WORK ITEM: Please copy, word for word, the line holding "in der funktion." and each line that follows it through the end of the entries, omitting any pictures.

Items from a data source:

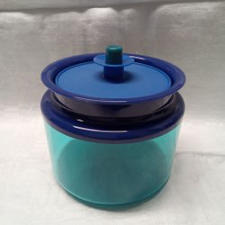 Tupperware burk i blått med grått lock.
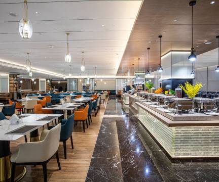 潜藏内在品质,尊贵精致服务,风格、情调各异的餐饮场所为您倾情演绎席上精彩。中餐厅及贵宾包间,由名厨主理,提供驰名菜肴,地道地方美食。全日制餐厅提供中西自助餐,品种丰富,格调清新。大堂吧汇聚名茶、精致茶点、软饮。酒店定能满足您商务宴请、会议、团体、婚宴用餐的不同需求。
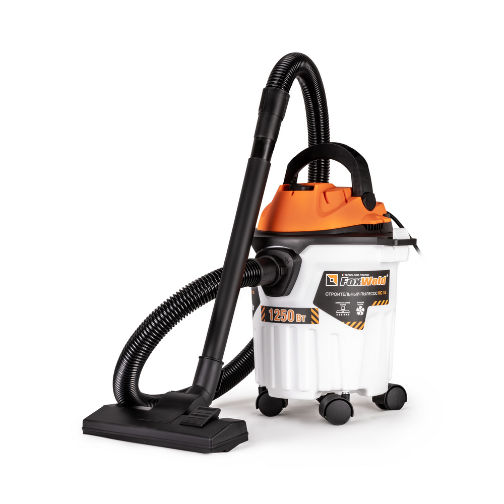 Пылесос строительный 1250Вт объем бака 12л шланг 1,5м d шланга 32мм VC 15 FoxWeld *1
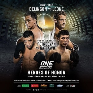 ONE Championship: Heroes of Honor Byadmincsp -March 31, 2018 Share on Facebook Tweet on Twitter Date: April 20, 2018Location: Manila, PhilippinesMore info
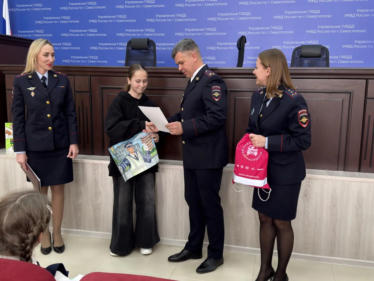 Начальник Управления Госавтоинспекции УМВД России по г.Севастополю Юрий Бондарчук наградил победителей конкурса рисунков «Служба в Госавтоинспекции глазами детей»
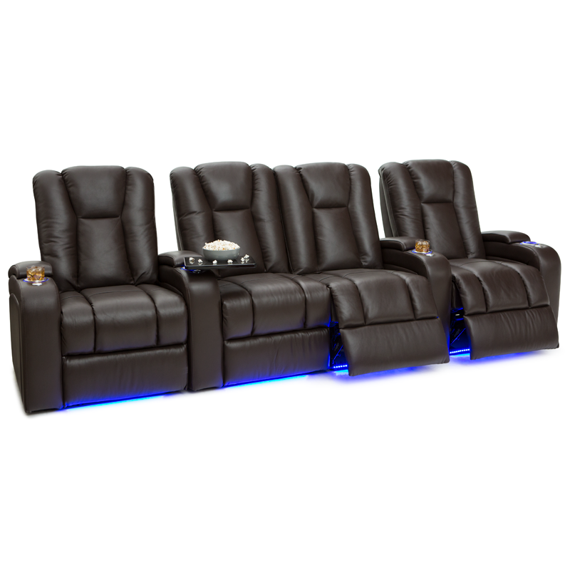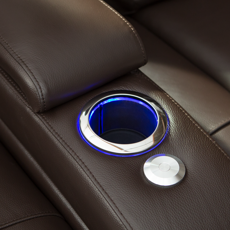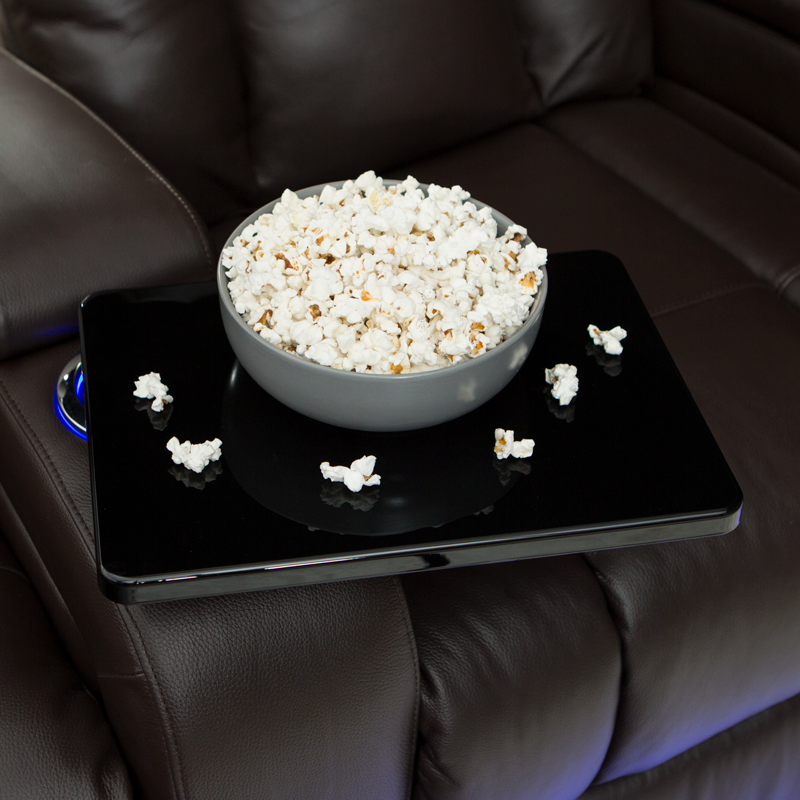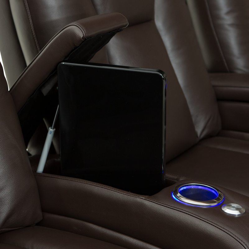 Meanwhile, lighted cup holders will gently illuminate your beverages, while ambient base lighting under the seat provides a discreet means for guests to find their way in a darkened room. Power recline lets you choose any desired position, and effortlessly change positions, at the mere press of a button, while a USB station by the power recline switch provides a place to charge cell phones and tablets. You can place any items such as phones, remotes, tablets, reading materials, snacks and more on included tray tables that attach easily to an accessory mount provided on the armrest. When finished for the evening, cleanup is a snap thanks to roomy storage compartments located in each armrest. Finally, save space in your home theater with the Serenity's "wall-hugger" feature, which allows the seat to be placed just inches from any wall, even as it fully reclines! These features all combine to create a fully-loaded home theater exprience that will dazzle friends and family for years to come.
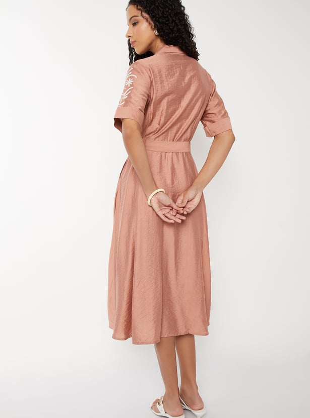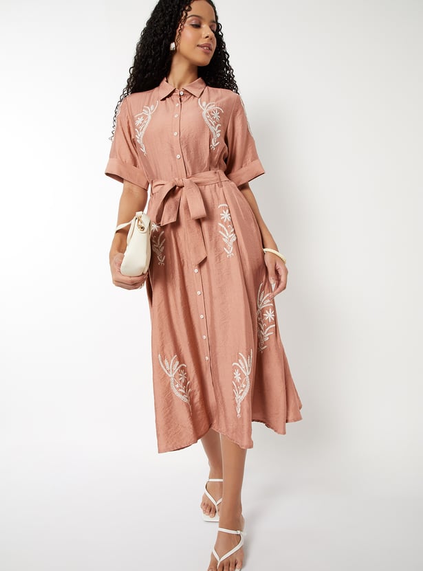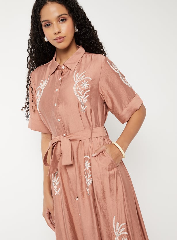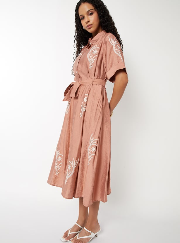Women Embroidered A-line Shirt Dress
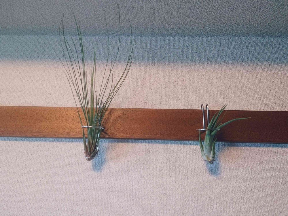 セリアで売ってたハンギングステンレスチューブホルダー(歯磨き粉をぶら下げるやつ)にエアプランツを置くと良い感じに。
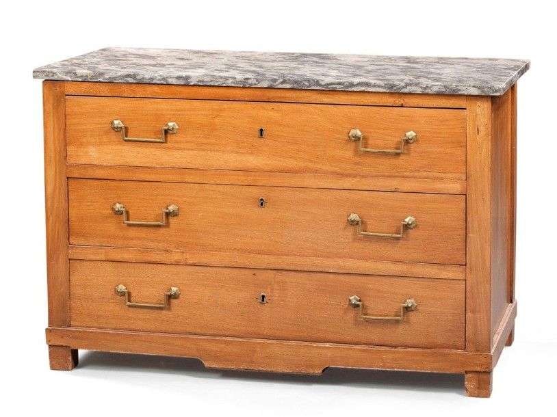 Commode en noyer naturel de forme rectangulaire, elle ouvre par trois larges tiroirs| poignées tombantes. Travail provincial du XIXème siècle. Plateau de marbre. H: 85 - L: 126 - P: 61 cm. (*)
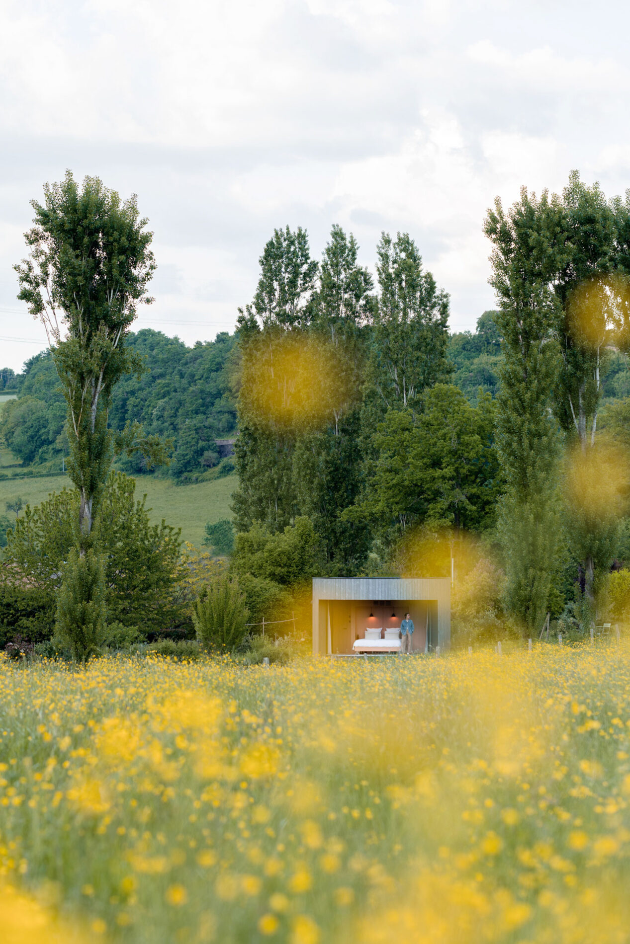 C'est à quelques kilomètres de la belle Cluny, dans le village de Château, au sein du parc de la maison d'hôtes Tomette Singulière, qu'un Lumipod 5 et un Lumipod Sauna ont été installés face aux prairies bocagères typiques de la région. Un havre de paix pour les occupants, et l'opportunité unique de se reconnecter à la nature.
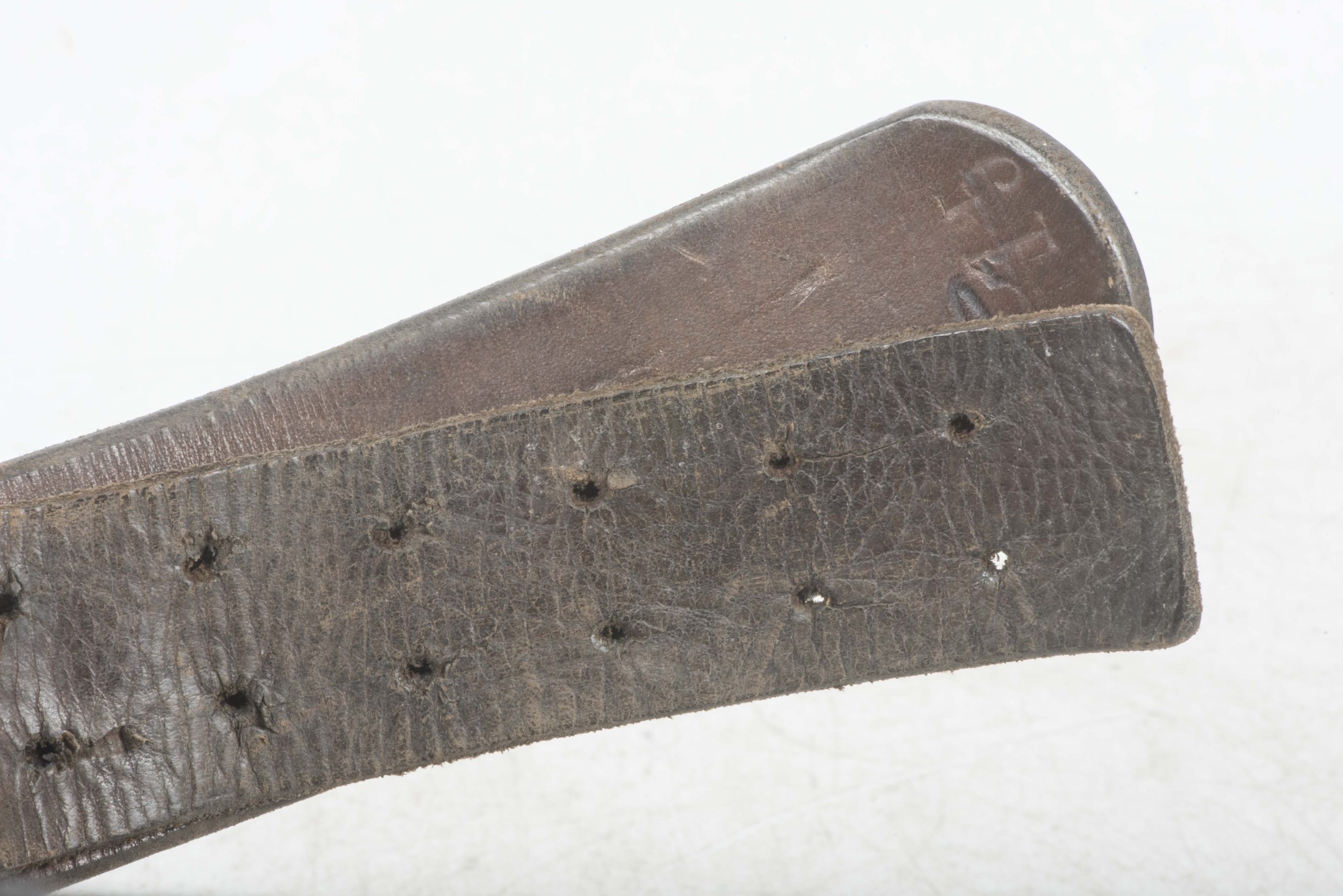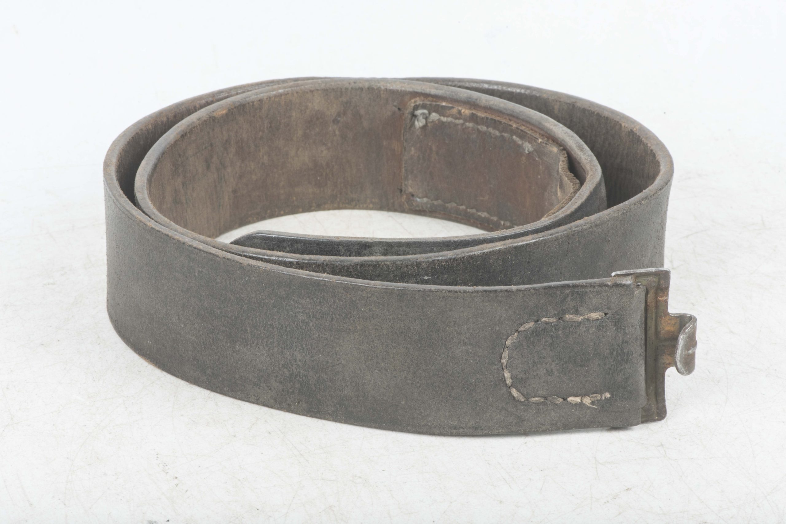 Leather equipment belt in good used condition. Period shortened to approximately 90-95 cm.
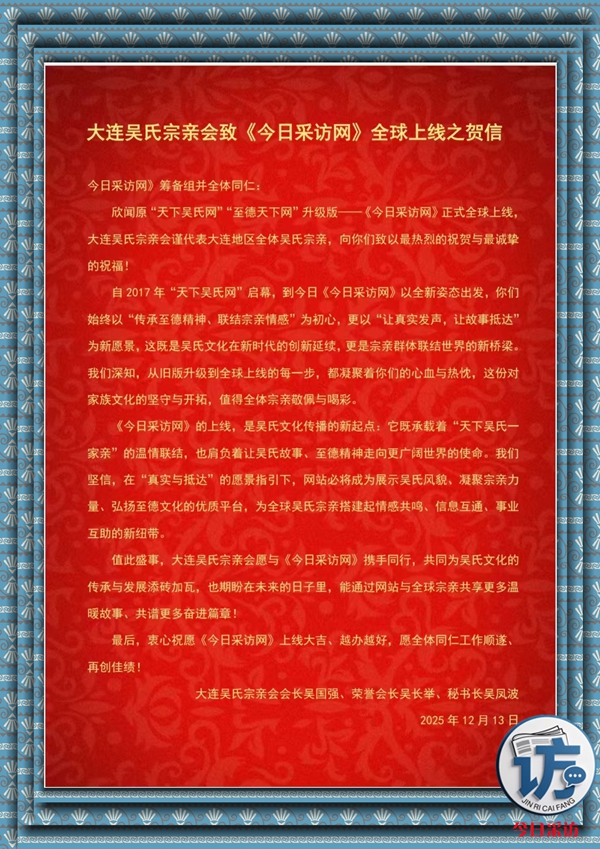 【关于我们】今日采访.com、天下吴氏网、至德传媒网隶属于泰伯文化传媒(重庆)有限公司独家运营的三网合一公益性网站,集官网、APP、自媒体、抖音、视频号、公众号同步传播的综合性融媒体平台。
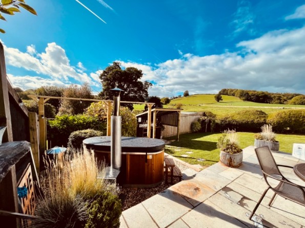 The cottage has a large south facing garden and patio with BBQ and fire pit. There's a private hot tub with wonderful views across the fields. There is parking for two cars. There is a woodland sauna a short walk from the cottage.
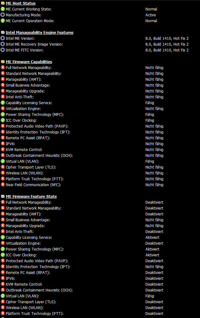 @madmax2010 hier ein beispielbild meines asus p8p67 deluxe, welches ein bios draufhat, welches ich mit dem me-cleaner script bearbeitet habe. wie man sieht, ist die me aktiv, nur halt sehr beschnitten in der funktion.
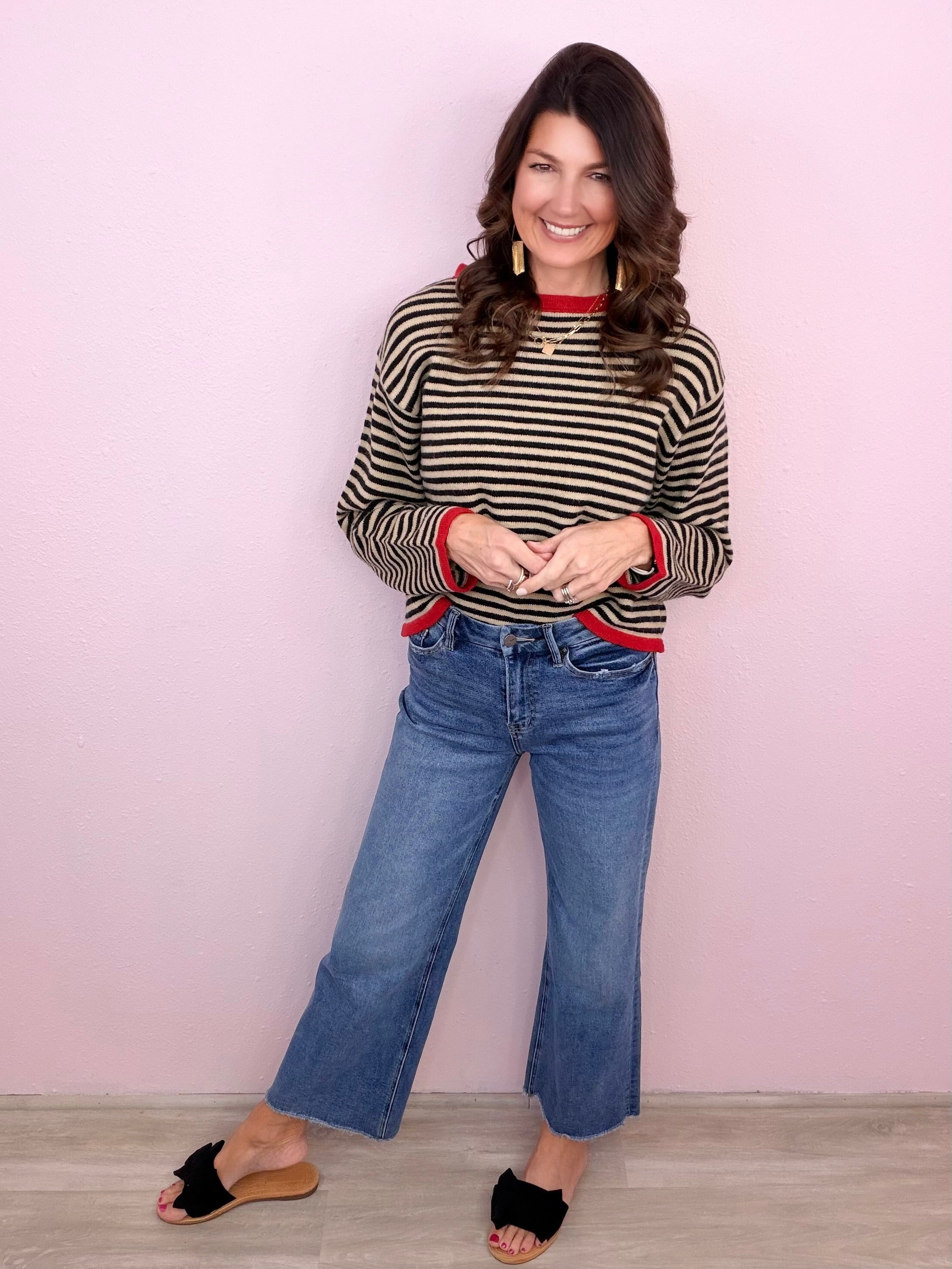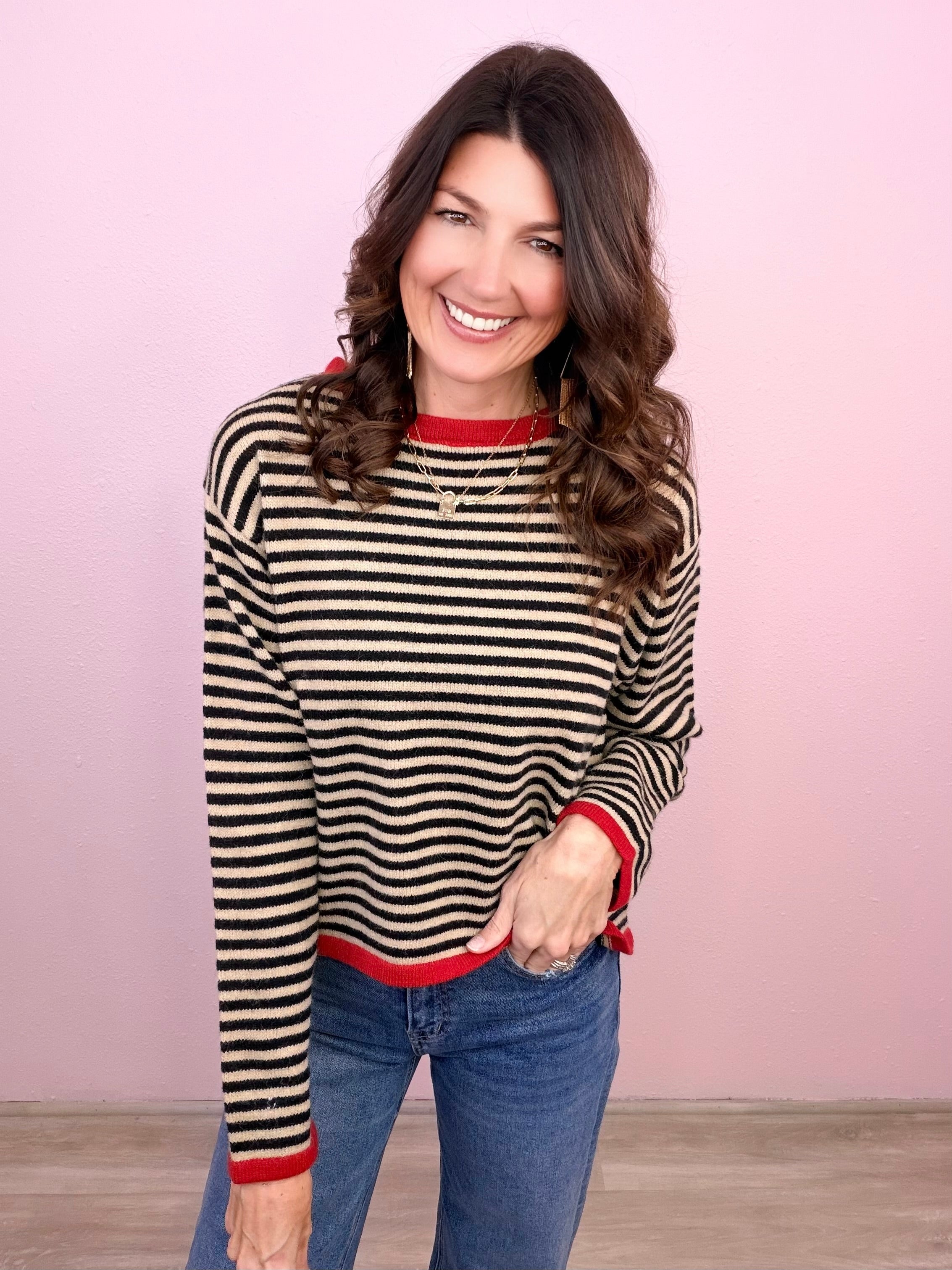 Classic stripes with a pop of color- this easy going sweater top is ready to transition with you!

EXPECTED ANSWER:
 @madmax2010 hier ein beispielbild meines asus p8p67 deluxe, welches ein bios draufhat, welches ich mit dem me-cleaner script bearbeitet habe. wie man sieht, ist die me aktiv, nur halt sehr beschnitten in der funktion.
 Classic stripes with a pop of color- this easy going sweater top is ready to transition with you!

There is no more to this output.